Activity: Copy out the full listing exactly, omitting any picture it contains.

Supplied information:
===

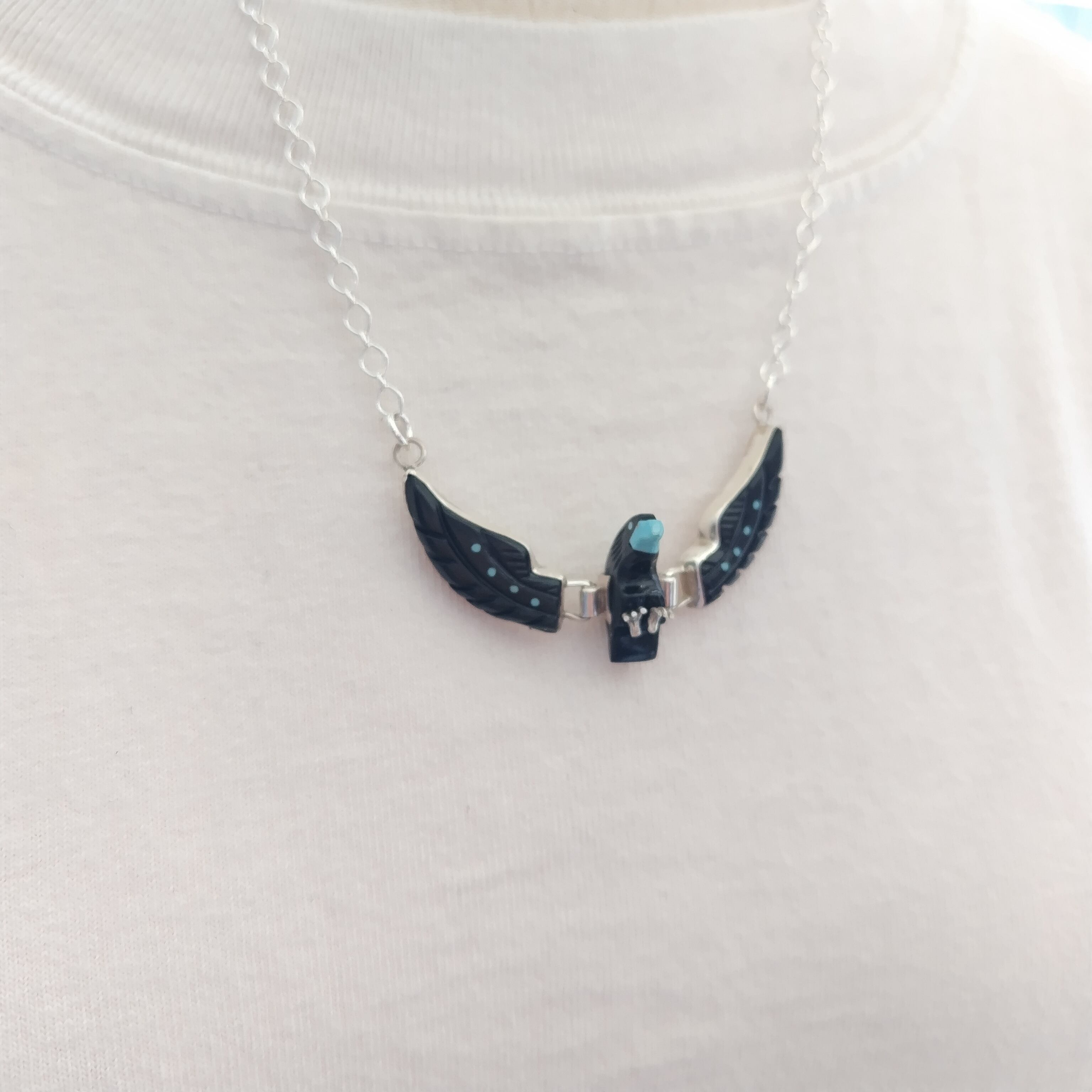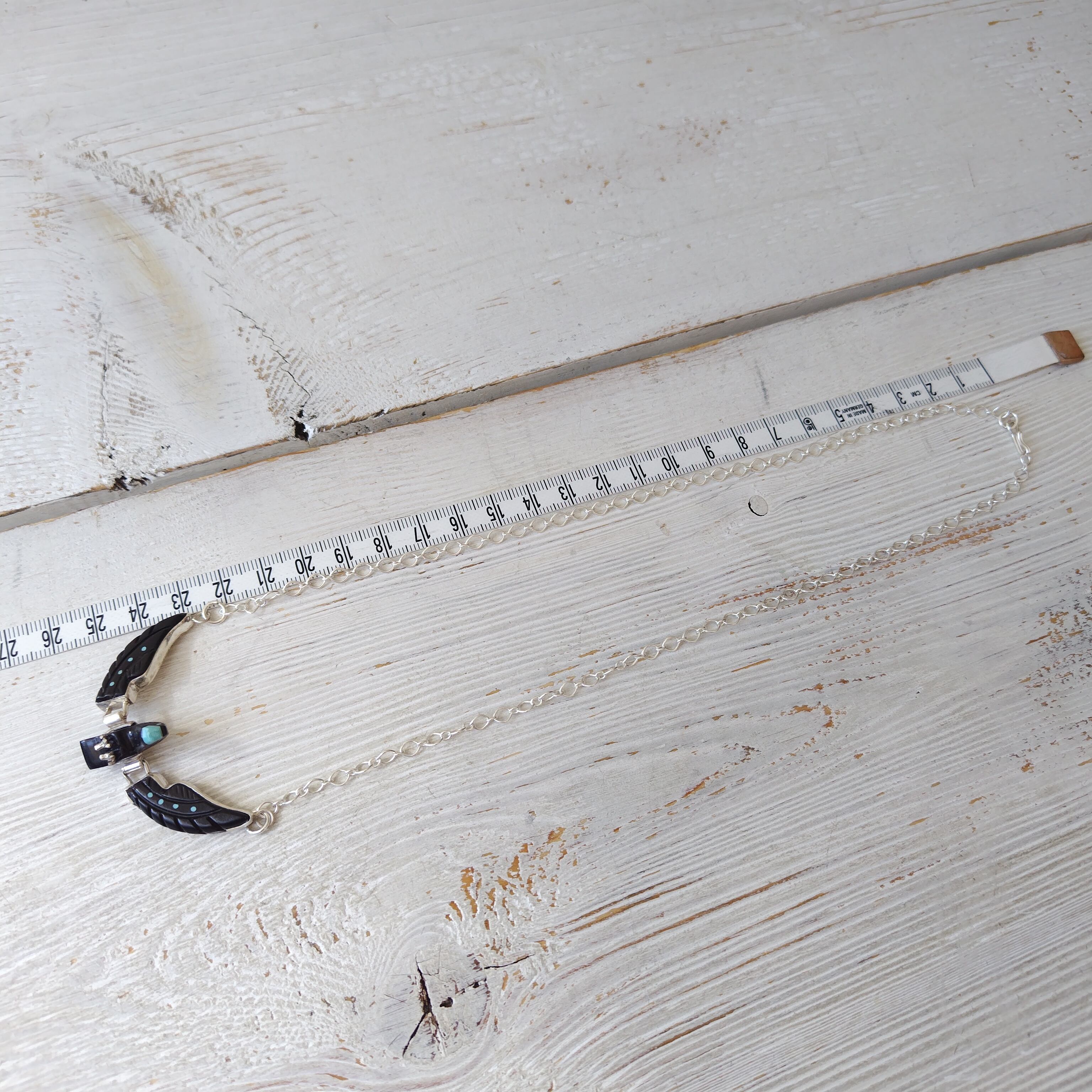 雰囲気最高のナバホ ジェット x ターコイズ イーグルシルバーネックレスになります!
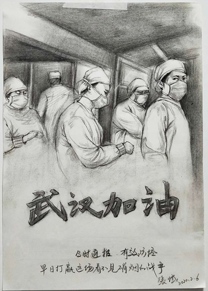 一場突出其來的疫情,無數“白衣戰士”成為“最美逆行者”,他們紛紛請戰,毅然沖鋒在防控疫情第一線,譜寫出一個又一個的感人故事。疫情的陰霾擋不住四面八方的“陽光”。三明九中的學子們,紛紛用自己筆尖創作出素描、速寫或色彩作品,共同致敬“最美逆行者”。
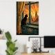 A contemplative black cat silhouette perches elegantly on a teal geometric windowsill, framed by stylized golden curtain folds and warm orange sunset rays. This serene 1920s art deco composition brings peaceful sophistication to bedrooms, hallways and living rooms, creating a perfect focal point for cat enthusiasts and modern decor lovers.
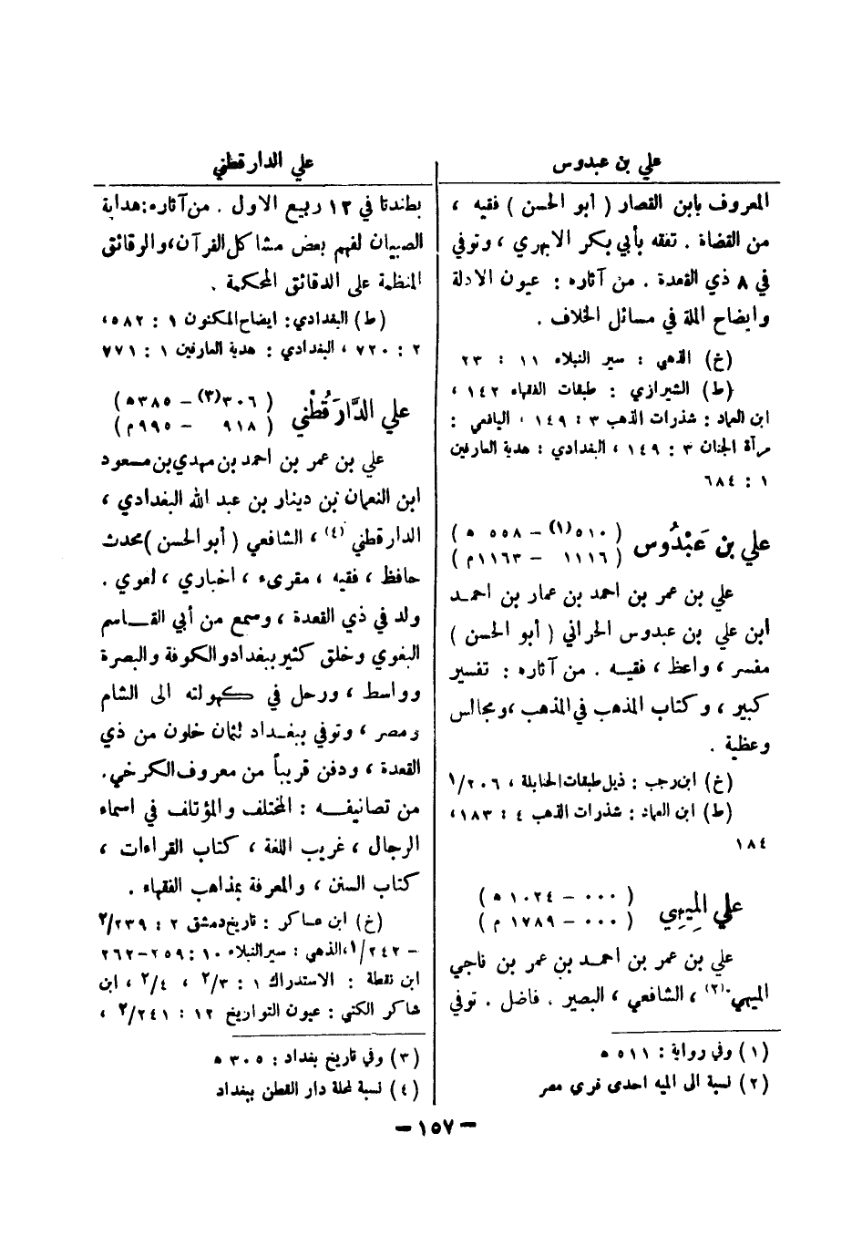 (ط) البغدادي: ايضاح المكنون 1: 582، 2: 720، البغدادي: هدية العارفين 1: 771 علي الدارقطني (306 (3) - 385 هـ) (918 - 995 م) علي بن عمر بن احمد بن مهدي بن مسعود ابن النعمان بن دينار بن عبد الله البغدادي، الدارقطني (4) ، الشافعي (أبو الحسن) محدث حافظ، فقيه، مقرئ، اخباري، لغوي.

===

Solution for this exercise:
 雰囲気最高のナバホ ジェット x ターコイズ イーグルシルバーネックレスになります!
 一場突出其來的疫情,無數“白衣戰士”成為“最美逆行者”,他們紛紛請戰,毅然沖鋒在防控疫情第一線,譜寫出一個又一個的感人故事。疫情的陰霾擋不住四面八方的“陽光”。三明九中的學子們,紛紛用自己筆尖創作出素描、速寫或色彩作品,共同致敬“最美逆行者”。
 A contemplative black cat silhouette perches elegantly on a teal geometric windowsill, framed by stylized golden curtain folds and warm orange sunset rays. This serene 1920s art deco composition brings peaceful sophistication to bedrooms, hallways and living rooms, creating a perfect focal point for cat enthusiasts and modern decor lovers.
 (ط) البغدادي: ايضاح المكنون 1: 582، 2: 720، البغدادي: هدية العارفين 1: 771 علي الدارقطني (306 (3) - 385 هـ) (918 - 995 م) علي بن عمر بن احمد بن مهدي بن مسعود ابن النعمان بن دينار بن عبد الله البغدادي، الدارقطني (4) ، الشافعي (أبو الحسن) محدث حافظ، فقيه، مقرئ، اخباري، لغوي.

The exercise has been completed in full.